## AIM OF THE TASK
The line containing "like a fool |" and every line after it, through the end of the material: copy these exactly and nothing else, leaving pictures out.

------ AVAILABLE DATA ------

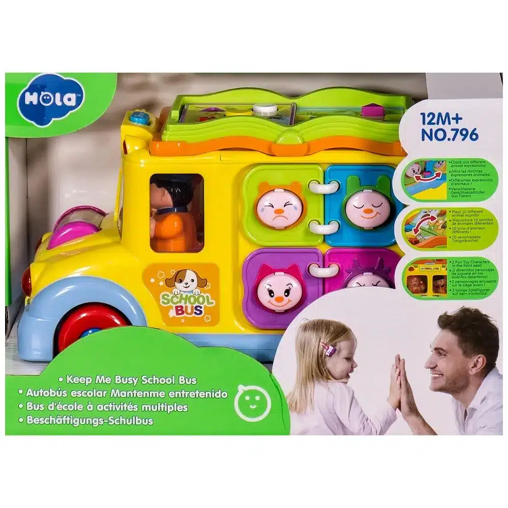 Функции: BUMP&GO (при преграда сменя посоката на движение), бутон за изключване на функцията BUMP&GO: в този режим играчката е подходяща за дърпане или бутане, звуци на запалване на двигател и клаксон, музика, бутон за изключване на музиката, светещи фарове, реалистични звуци на животни, книжка за прелистване на покрива на бусчето, поклащане на шофьора и пътника: наляво, надясно, въртящ се музикален елемент на предния капак на бусчето, отваряща се със забавен звук задна врата и три сменящи се картинки, звънче, въртящи се зъбни колелца.
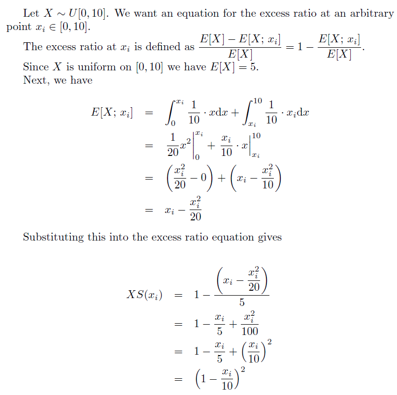 Here's a hint: The excess ratio is (E[X] - E[X; xi]) / E[X]. For a uniform distribution on [0, 10], E[X] = 5 so we just need to find an expression for E[X; xi].
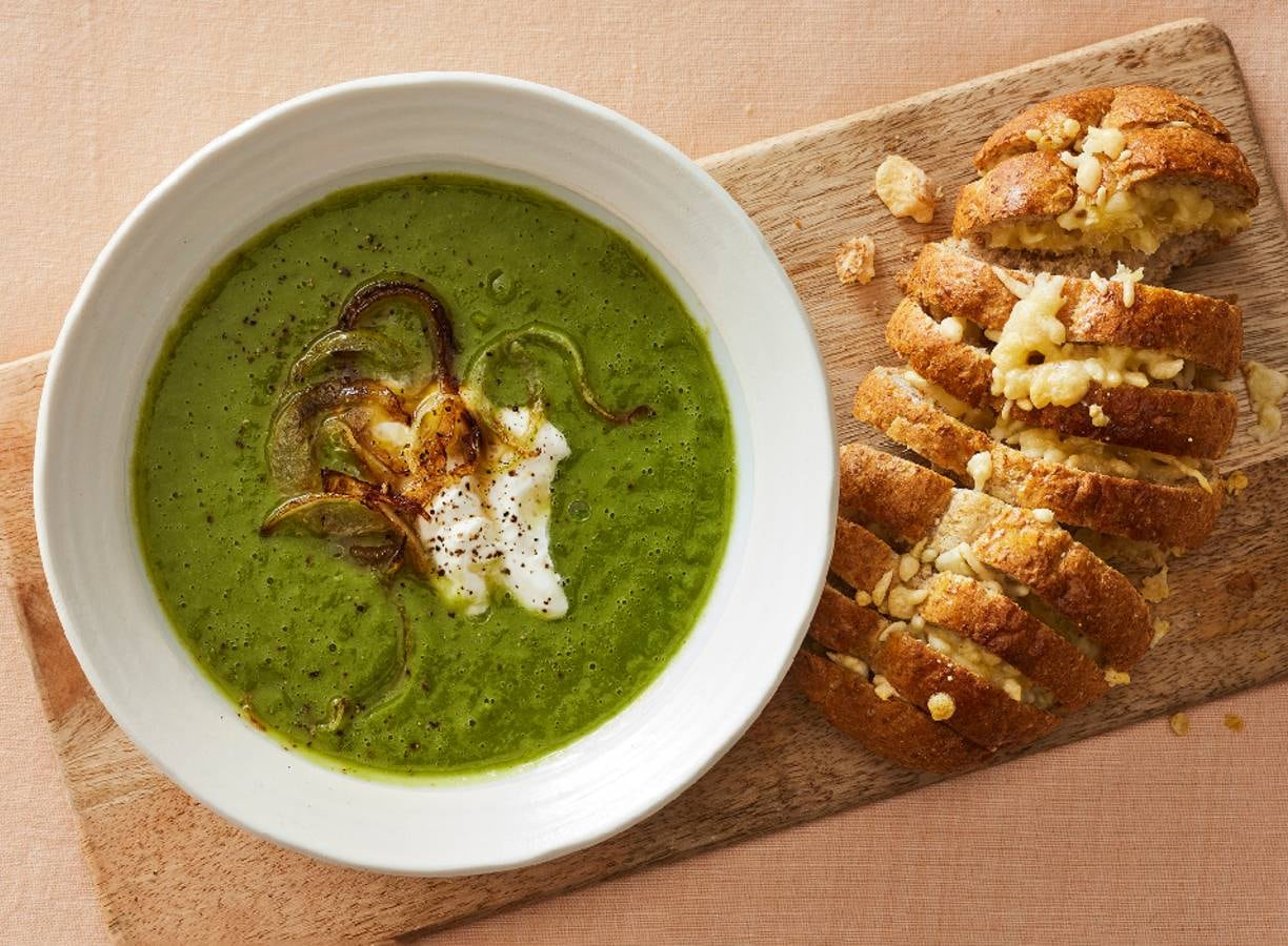 Ga voor een warme, voedzame lunch. Deze broccoli-erwtensoep met kaasbroodje is gezond en weer eens iets anders.
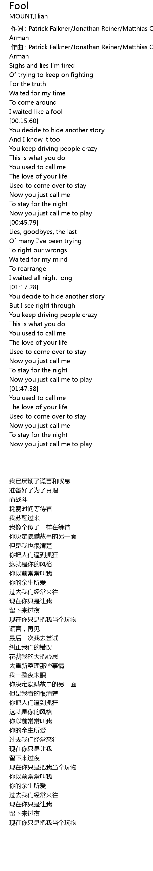 | [00:13.65] | I waited like a fool |
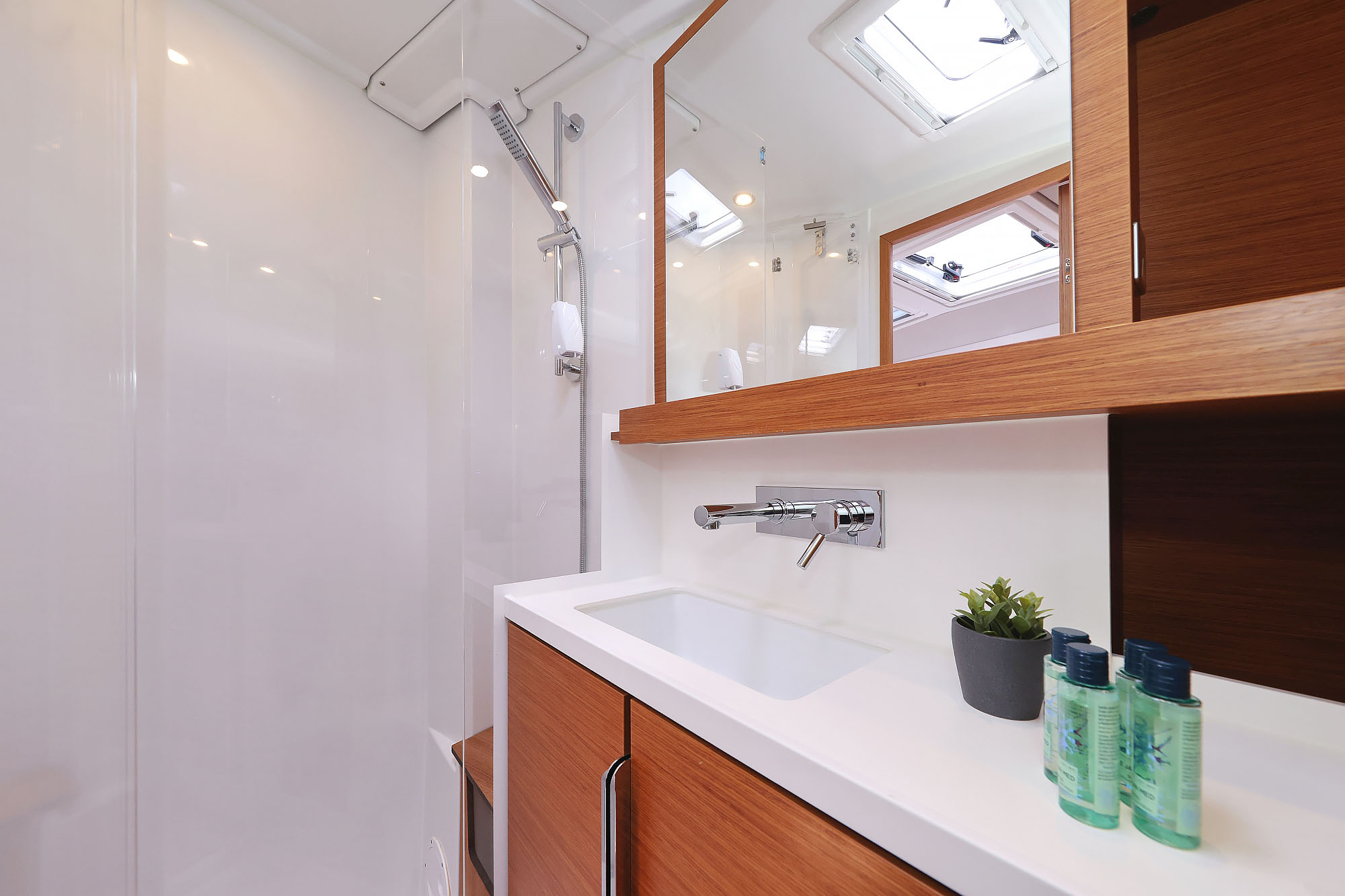 | Outside | Bathing platform, Bimini top, Cockpit shower, Refrigerator in cockpit, Cockpit speakers, Cockpit cushions, Cockpit table, Sprayhood, Teak in cockpit |

------

## WRITTEN REPLY
 | [00:13.65] | I waited like a fool |
 | Outside | Bathing platform, Bimini top, Cockpit shower, Refrigerator in cockpit, Cockpit speakers, Cockpit cushions, Cockpit table, Sprayhood, Teak in cockpit |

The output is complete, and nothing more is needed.